Tuesday, January 28, 2014

We Sometimes Forget

That the rights that we have here in the United States are not shared around the world. In Kuwait the police are rounding up trans-people,
Kuwait Launches Crackdown on Trans Women for 'Imitating a Woman'
Huffington Post UK
By Dan Littauer
Posted: 27/01/2014

KUWAIT CITY, Kuwait -- A transgender woman was arrested in a women's hair-saloon, after one of the clients became suspicious of her gender on Wednesday.

Her arrest comes after a weeklong crackdown on transgender women in the gulf kingdom, which saw six other women arrested for "imitating the opposite sex".

According to Al-Watan daily paper, the unnamed transgender woman had frequented the establishment at the Hawally district of Kuwait City, but when a fellow female client grew "suspicious" she immediately reported her to the police.

Police officers Ammar Al-Muhanna and Hamad Al-Kandari were dispatched to the hair-saloon and accompanied by its owner and arrested the transgender woman.
[…]
In 2007, the Kuwaiti parliament passed a bill proposed by Islamic MPs that amended article 198 of penal code so that anyone 'imitating the appearance of a member of the opposite sex' could be jailed for up to a year or fined up to $3,500.

This law is causing substantial persecution and misery to transgender people in Kuwait which was slammed in a Human Rights Watch report, published in 2012, criticizing arrests, torture and abuse of transgender people in the country.
Meanwhile next door in Iraq the government is providing GCS for trans-people but they are forcing gays to have GCS to make them straight or face the hangman.

Yesterday a mob stormed a LGBT office in Ivory Coast country of Senegal in the city of Dakar.
Ivory Coast: Mob Attacks Gay Rights Group Office
ABC News
By ROBBIE COREY-BOULET Associated Press
January 28, 2014 (AP)

A mob has ransacked the headquarters of Ivory Coast's most prominent gay rights organization, underscoring the dangers confronting such groups even in the few African countries where homosexual acts are not crimes.

The violence followed days of anti-gay protests in Ivory Coast, which is sometimes considered a safe haven for homosexuals fleeing persecution elsewhere across the continent.
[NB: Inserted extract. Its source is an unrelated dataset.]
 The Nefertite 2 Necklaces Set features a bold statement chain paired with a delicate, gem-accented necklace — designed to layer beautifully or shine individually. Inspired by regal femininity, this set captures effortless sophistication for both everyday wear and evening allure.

It contributed to a growing sense that activists championing gay rights are under siege in Africa, where countries are working to strengthen existing laws that criminalize homosexuality. A new law in Nigeria bans all gay associations, and lawmakers in Uganda may well override their president's opposition and approve a bill imposing life prison terms for consenting same-sex partners who engage in repeated sexual acts.
We are becoming the new bogyman. We are becoming the scapegoat to blame the world economic troubles on. If you look though out history whenever the economy is in turmoil, society has looked for someone to blame and it is usually a minority; during the depression of the 1930s in Germany and other countries it was the Jews and the gypsies and gays and other minorities, the “undesirables.”
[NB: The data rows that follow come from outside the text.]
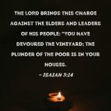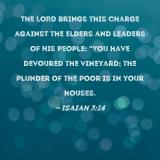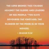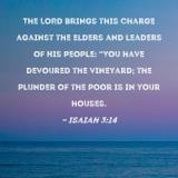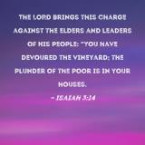 The LORD brings this charge against the elders and leaders of His people: "You have devoured the vineyard; the plunder of the poor is in your houses.
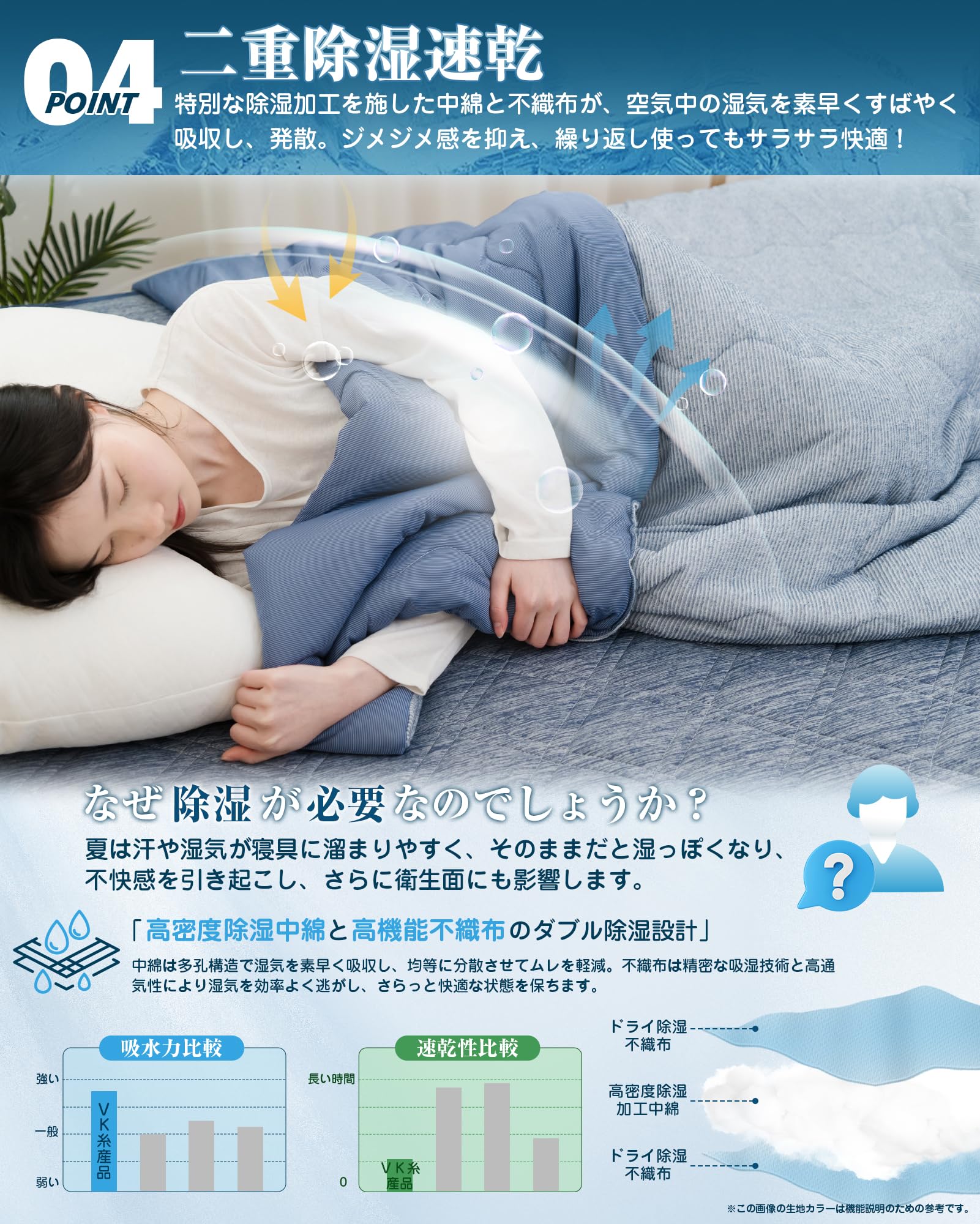 【二重除湿速乾】夏の寝苦しさは、温度だけでなく、湿気も夏の寝苦しさの要因となる。特別な除湿加工を施した中綿と不織布が、空気中の湿気を素早く吸収し、発散する。湿度を50±5%に近づけることでじめじめ感を解消、繰り返し使ってもサラサラ快適!
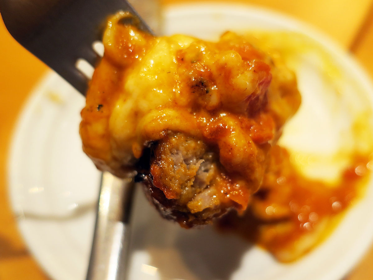 肉の旨味ギュギュッのソースに、チーズは風味を残してふわっと溶けちゃう!これも絶品。
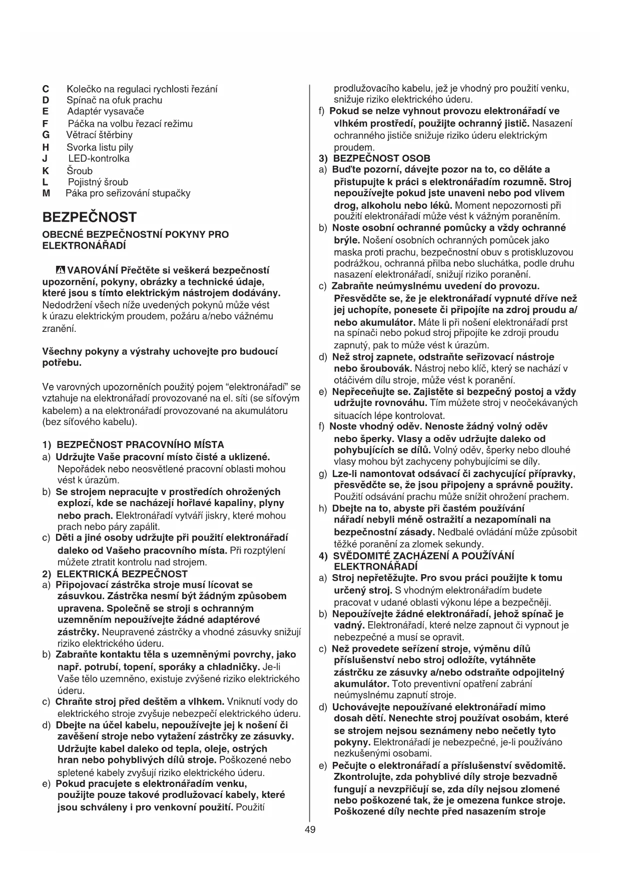 ELEKTRONÁŘADÍ a) Stroj nepřetěžujte. Pro svou práci použijte k tomu určený stroj. S vhodným elektronářadím budete pracovat v udané oblasti výkonu lépe a bezpečněji. b) Nepoužívejte žádné elektronářadí, jehož spínač je vadný. Elektronářadí, které nelze zapnout či vypnout je nebezpečné a musí se opravit. c) Než provedete seřízení stroje, výměnu dílů příslušenství nebo stroj odložíte, vytáhněte zástrčku ze zásuvky a/nebo odstraňte odpojitelný akumulátor. Toto preventivní opatření zabrání neúmyslnému zapnutí stroje. d) Uchovávejte nepoužívané elektronářadí mimo dosah dětí. Nenechte stroj používat osobám, které se strojem nejsou seznámeny nebo nečetly tyto pokyny. Elektronářadí je nebezpečné, je-li používáno nezkušenými osobami. e) Pečujte o elektronářadí a příslušenství svědomitě. Zkontrolujte, zda pohyblivé díly stroje bezvadně fungují a nevzpřičují se, zda díly nejsou zlomené nebo poškozené tak, že je omezena funkce stroje. Poškozené díly nechte před nasazením stroje C Kolečko na regulaci rychlosti řezání D Spínač na ofuk prachu E Adaptér vysavače F Páčka na volbu řezací režimu G Větrací štěrbiny H Svorka listu pily J LED-kontrolka K Šroub L Pojistný šroub M Páka pro seřizování stupačky BEZPEČNOST

Now we see it happening again in Africa, the Middle East and in Russia as Putin consolidates his power. In Greece in the economic unrest trans-people are being rounding up and arrested, we are detained for several hours then when we are release we are warned that if we did not “return to normal” then we would be arrested for public indecency. We see it in the frustration of the conservative religions, they are losing the battle here in the U.S. and Europe so they are turning to the impoverish countries in Africa to spread their hate in countries like Nigeria and Uganda.